If you put them in the back corners and each at a 45 degree angle (with the nozzles pointing straight), it'll create a swirling action in the center, which is a nice effect when you're using the venturi for aeration. In my 125 I rearranged it because it pushed the sand away from the glass but I don't have a lot of sand in my tank. I then pointed both nozzles towards the center front glass, and angled the nozzles down to reduce the swirling. These effects may be different in your 55 though.


----------



## wrasser (Apr 5, 2005)

Ther are a couple questions to be asked. What are you going to put in the tank? Reef or fish only? If it is reef, what kind of reef? For fish only you really dont need powerheads. Then after all that is said you need to figure out how much flow the reef needs. Some are more than others, too much can hurt your corals. Then you will add the pumps as needed. Let us know what you want to do and we will help


----------



## Chance (Aug 10, 2005)

I want to do a reef tank if you want click on the link up top and look at my tank and tell me what you think


----------



## wrasser (Apr 5, 2005)

The tank looks great, a soft current will do just fine IMO. a RIO 300 or something equal to that will do the job


----------



## euRasian32 (May 19, 2005)

or 2 lower gph power heads. 150-200gph if you do two.


----------



## Electric Monk (Sep 6, 2005)

Around 20x Tank size p/h as a rule

I've got 3x1100lph (3300lph) running in my 180ltr tank at the moment.

Don't forget that the object of the exercise is to create a strong realistic current in the tank and not to give your live rock/corals/Inverts that 'Blown away' feeling so direct the flows over the top/to the side(s) of anything close.

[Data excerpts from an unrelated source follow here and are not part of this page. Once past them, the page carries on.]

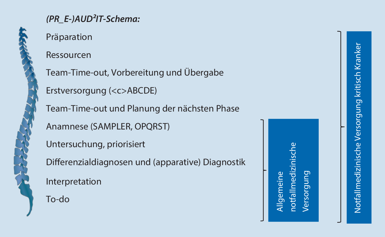 Das (PR_E-)AUD2IT-Schema als Rückgrat für eine strukturierte Notfallversorgung und Dokumentation nichttraumatologischer kritisch kranker Schockraumpatienten
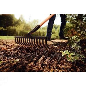 Preparar e nivelar o solo ganhou muito mais praticidade com o ancinho curvo leve com 14 dentes Tramontina em aço sem cabo!
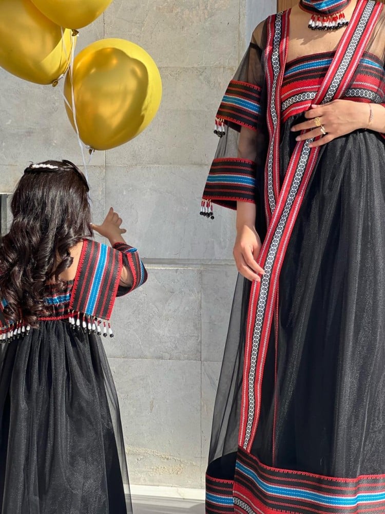 فستان تراثي للأطفال قطعتين فستان داخلي و وشاح
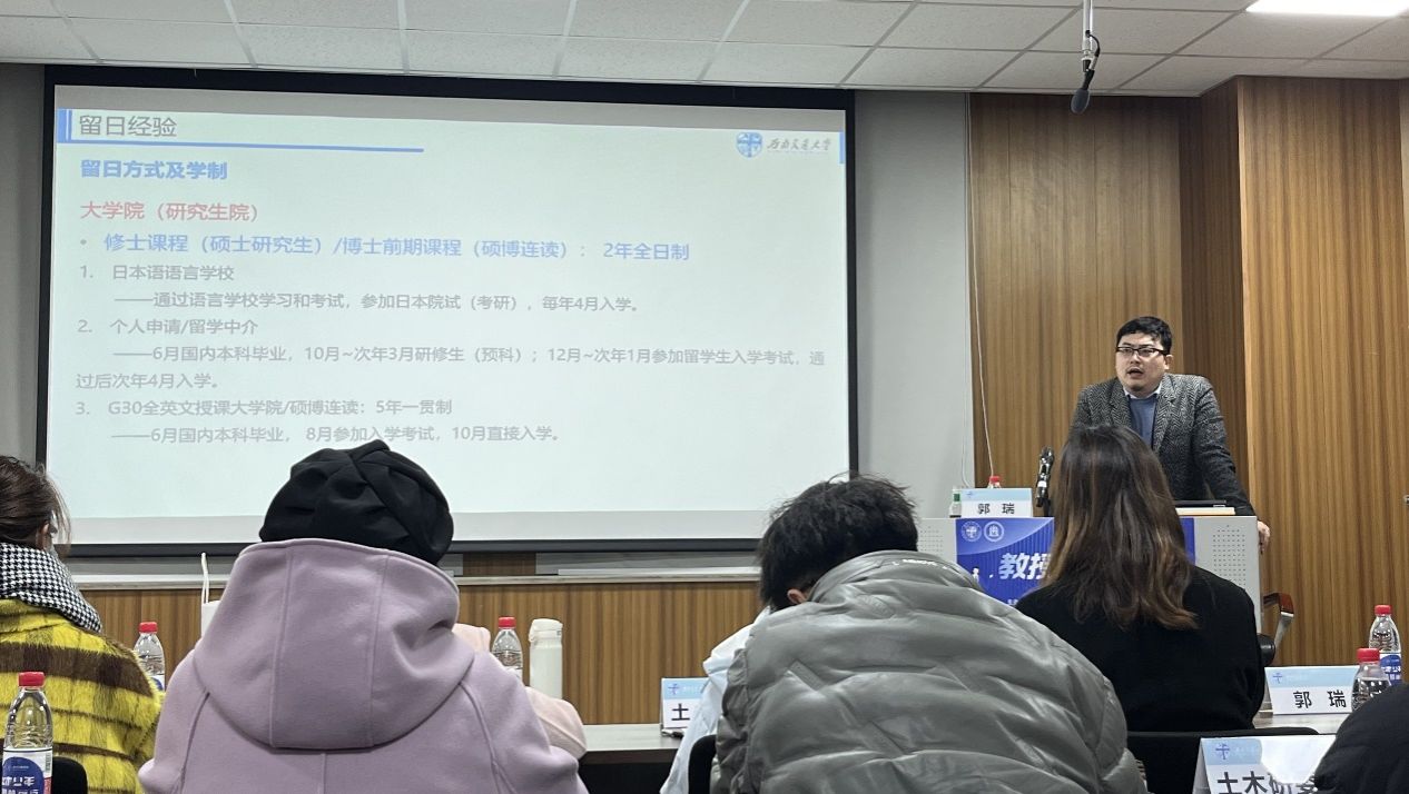 首先,郭瑞老师详细地介绍了日本行政区域的划分与日本大学分类,帮助同学们了解日本留学的基本情况。然后郭老师一一介绍了日本的帝国“七大”与东京工业大学等知名国立大学。除此之外,郭老师还介绍了大阪市立大学等公立大学及早稻田大学等私立大学。紧接着谈及留日方式及学制时,郭老师详细介绍了修士课程、博士前期课程与后期课程,并表示应多搜集信息了解国外留学的升学时间,切勿理所当然地以为国外升学时间与国内同步。
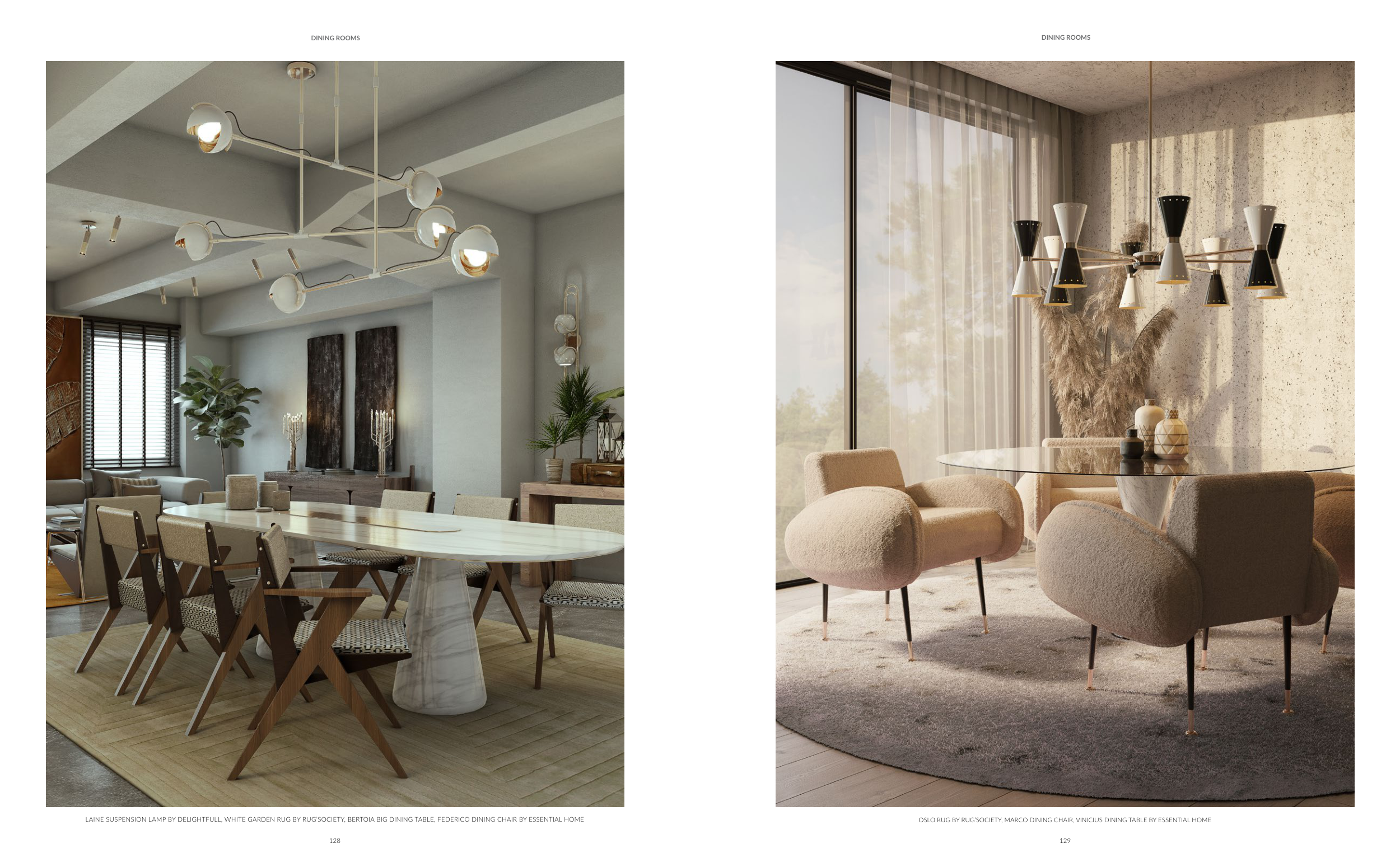 LAINE SUSPENSION LAMP BY DELIGHTFULL, WHITE GARDEN RUG BY RUG’SOCIETY, BERTOIA BIG DINING TABLE, FEDERICO DINING CHAIR BY ESSENTIAL HOME

Plus the fact any strong swimmers in your tank will love the exercise in the strong current areas.


----------



## Fishfirst (Jan 24, 2005)

I would have to disagree. Its different for each and every tank. If you want mushrooms or low current corals you won't want to go with 20X more like 7-10X Right now I have mostly softies with a monti, star polyps, frogspawn, and mushrooms. I have around 1000gph circulating in my tank and everything is doing well. 1000gph roughly equals 9X my tank volume.


----------